Stanford Health Care Appoints First Chief Data Scientist | Information Center
For example, researchers at Stanford Medicine are already demonstrating how algorithms could help doctors differentiate between new disease subtypes, allowing them to accurately treat individual patients. AI could help healthcare teams provide better end-of-life advice or iron out scheduling issues, by anticipating people who might miss an appointment and sending additional reminders.

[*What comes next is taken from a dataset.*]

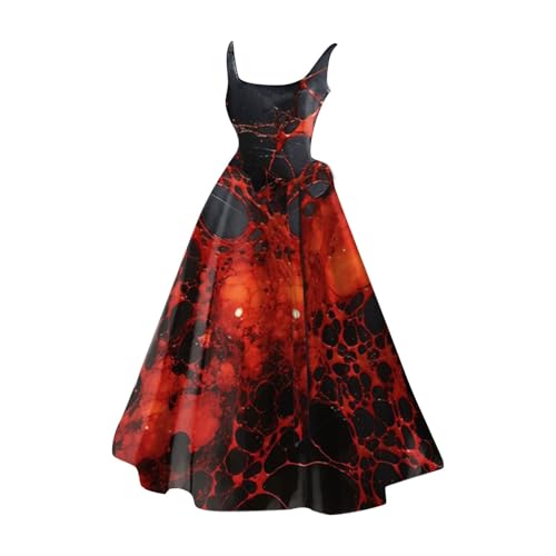Costume d'Halloween pour femme - Robe effrayante - Costume d'Halloween pour femme - Robe avec imprimé - Zombie - Robe de fête médiévale - Col rond - Sexy - Ligne A - Robe de fête - Rouge

The algorithms could help doctors proactively monitor patient records and flag patients who may have undiagnosed genetic disorders.
“It’s about improving patient care,” Shah said. “I want patients to say, ‘This is the most proactive care I’ve ever had’, or ‘The planning was a breeze’ or ‘My surgery was delayed, but thank God my wife was informed that she should come an hour later. .’ These things aren’t necessarily going to be the basis of big, flashy newspapers, but that’s okay.
Implementing artificial intelligence throughout the healthcare delivery system will undoubtedly be a boon for patients and providers, Shah said. The trick, he added, is to integrate AI in a way that doesn’t disrupt an already strained healthcare ecosystem.
“Furthermore, we must be mindful of fairness and justice when considering adopting AI-guided decision-making and be open to the possibility that there are situations in which we should not. use AI,” Shah said. “Creating and integrating an algorithm into any workflow will have ripple effects that go beyond what the algorithm does. So we are thinking about integrating AI as a global delivery science. It’s not just the algorithms that we need to consider; algorithms and clinicians must work as partners.
The goal is not for every decision to be made by an algorithm but for every decision to be supported by an algorithm, he added.
A (hypothetical) example
Shah further illustrates the potential of artificial intelligence through a somewhat futuristic hypothetical patient scenario. Vera, a 60-year-old woman with a history of high blood pressure and asthma, goes to the hospital. She arrives with a shortness of breath. Her doctor should diagnose and treat her condition and consider how to monitor her future health risks, such as heart failure, as well as assess her risk for chronic conditions, such as heart attack, stroke, and kidney failure. . That’s a lot of data to collect.
But what if Vera could don a wearable device that monitors her heart rate, breathing, blood sugar and blood pressure? This continuous stream of data would provide a real-time view of Vera’s health, and with AI-powered algorithms, her care team could precisely and accurately monitor her health. (Perhaps a prolonged, irregular heartbeat would trigger an alert for her doctor, and a scheduling system would automatically contact her with the times of an available appointment.)
Although this case is hypothetical and Vera fictional, the situation she finds herself in is common for patients and providers.
“What if we could do that – and more – for every patient? Broadly speaking, part of that is looking at how AI can support personalization in healthcare at scale,” Shah said. “The goal is to bring AI to clinical use in a safe, ethical and cost-effective way, basically.”